Denise Scott Brown and Robert Venturi

The Bicentennial Commemoration 1976


"The Bicentennial Commemoration 1976"
Denise Scott Brown and Robert Venturi
The Architectural Forum, October 1969








See also: The Benjamin Franklin Parkway Celebration for 1976

International Expositions and Fairs offer the world an amalgam of national aspirations, economic boosterism, gaudy self-aggrandizement and innovative architecture. Recently added to these have been high-sounding themes that begin "Man and . . . ," and a concern on the part of city fathers to use these occasions to manufacture urban real estate for later sale to developers. What remains of an Expo after a hundred years is some feeling for an epoch--what 1851 or 1939 felt like--and some landmark structures, like an Eiffel Tower or a Crystal Palace, known for their influence on the history of architecture.

Ours is a different age: non-heroic (the antihero is our hero), non-universalist, anti-architectural. It is significant that Expo 67, hailed as a triumph, produced little innovation in architecture or structure. The idea of Habitat is more than ten years old and Buckminster Fuller's beautiful dome more than twenty. The most successful exhibits at Expo 67 were movies, particularly those in the Czech pavilion. People flocked to them. McLuhan was right. The theme "Man and His World" rang empty, as did the Brussels Expo theme, and it was not by the theme pavilions that the subtle spirit of an age was conveyed.

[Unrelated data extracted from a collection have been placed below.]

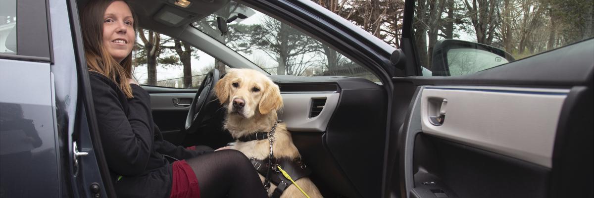 “When Maple walked through my front door for the very first time, I was beyond happy – she’s such a sweet dog. She loves to play, but it's time to get serious when the harness goes on – she is 100 per cent ready to work. She’s like a sergeant when the harness goes on – she doesn’t listen to anyone but me. If I tell her to stay while I go upstairs to get something I forgot, she’s in that exact spot when I return. When she’s out of harness, she’s fun, loving, cuddly… such a happy dog. She’s given me so much more independence. I can now follow my boyfriend in the grocery store rather than holding onto his arm, and I feel more comfortable going out for walks in my neighborhood. People often stop me and ask questions about what it’s like to have a guide dog and how she has made a difference in my life. I’ve also had several people ask me about the training that Maple has received. Respecting the guide dog partnership is so important – if the handler tells you not to touch or talk to their dog, please listen to them. When a dog is distracted, a handler's safety could be at risk. Handlers know their dogs are cute, and we know many people would love to pet and play with our guide dogs, but harness on means hands off – it's time to work, not play! I’ve heard many handlers talk about the access issues they've encountered while going to places with their guide dog. Honestly, I haven't had issues, but I hope that's the reality for every guide dog handler in the near future. Guide dogs belong everywhere. Looking back, I never thought in a million years that I’d be able to trust an animal as much as I trust Maple; but I love her and I know she’ll never lead me into harm’s way.” -Kelly
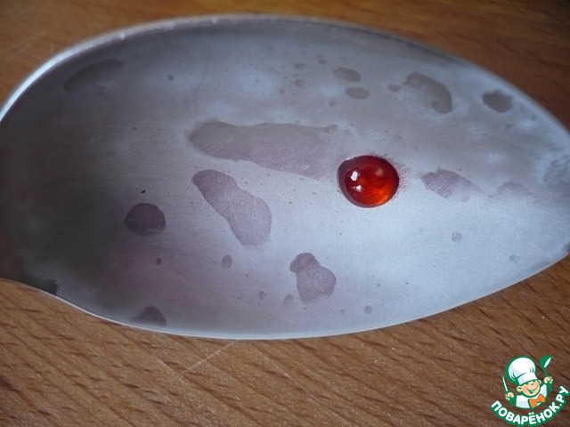 Чтобы проверить готовность мармелада, нужно сделать тест. (Для этого достаньте из морозильной камеры ложку, которую вы должны положить туда в начале приготовления мармелада). Капните каплю мармеладной массы. Через пол минуты капля должна загустеть и стать мармеладкой.
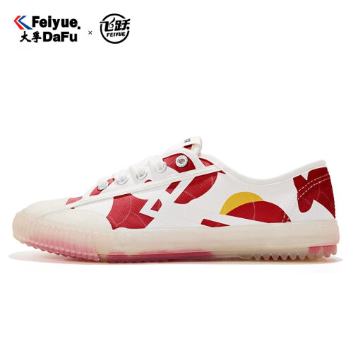 飞跃×余额宝联名锦鲤时尚单品,出场小白鞋,遇光变色,阳光下显示锦鲤图案;科技款设计,变色程度根据紫外线强弱变化;鞋面柔软舒适,透气不闷脚;订制抗氧化扣眼,橡胶鞋底,防滑耐穿。

How much more different at this divisive point in our history for American to talk of Man. We shall be castigated by the nations of the world as Frantz Fanon castigated the Europeans: "They are never done talking of Man, yet murder men everywhere they find them."

House in Order by 1976
This is not the time for Americans to talk of universal aspirations, nor even of great world problems. Too much is wrong at home. It will look like an evasion of the issue. We have a war here against social injustice, poverty and prejudice. Themes for today should be specific, immediate and urgent, like a letter from the front. If by 1976 we cannot present to the world a war half won, then we should be ashamed to commemorate the Bicentennial. If, on the other hand, we adopt the modest theme of "House in Order by 1976" with the stupendous task it involves, the nations will flock to our shores in that year both to see and to help, and we shall earn from the world a respect that no amount of foreign aid or military strength could command. Without fanfare, the universal meanings will emerge: America and the world are "men" not "Man," and it is good to live in a pluralist society.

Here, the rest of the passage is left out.